Clinical characteristics and subjective functional outcomes

The overall clinical characteristics of patients with MDD were shown in Table 1. There were twenty-nine female patients and eleven male patients with a mean age of 27.31 ± 7.21 years and a mean education level of 15.04 years. The baseline HRSD-17 score was 23.02 ± 4.77 and the average percentage of the reductive ratio was 58.75%. Twenty-eight patients with residual subjective cognitive decline were distributed into the SCD group and twenty-two patients into the NSCD group.

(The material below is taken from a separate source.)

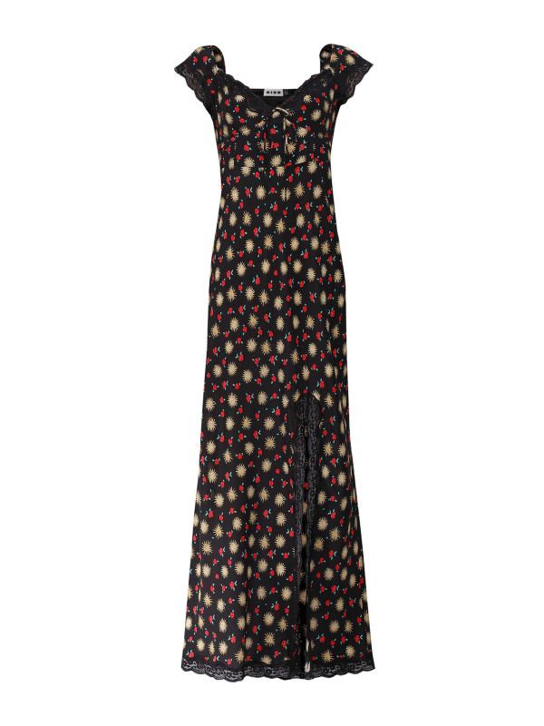 The RIXO Amala dress is a stunning new style with a beautiful "Sun Petal" print. Cut from pure silk with an elegant full-length silhouette, this summer showstopper can be styled with sandals on holiday or dressed up with heels for a wedding or evening event. The dress features a sweetheart neckline, lace trims and a stylish front slit detail.

Table 1 The clinical characteristic of the total subjects enrolled

Participants’ characteristics by group were reported in Table 2, and there were no significant differences in age, gender, education, height, weight, BMI, drinkers, smokers, duration of illness, and the age at disease onset between the two groups (all P > 0.05). The rate of HAMD reduction was greater than 50% in both groups but was significantly higher in the NSCD group than in the SCD group (P = 0.015). Patients in the SCD group were troubled with more subjective cognitive problems at baseline, and PDQ-D scores and three subitems differed significantly between the two groups (all P < 0.05). Excluding family life at baseline (P = 0.315), patients with residual subjective cognitive decline had reduced functional ability at baseline and 8-week, as reflected by the Sheen Disability Scale (all P < 0.05) (supplementary Table 2).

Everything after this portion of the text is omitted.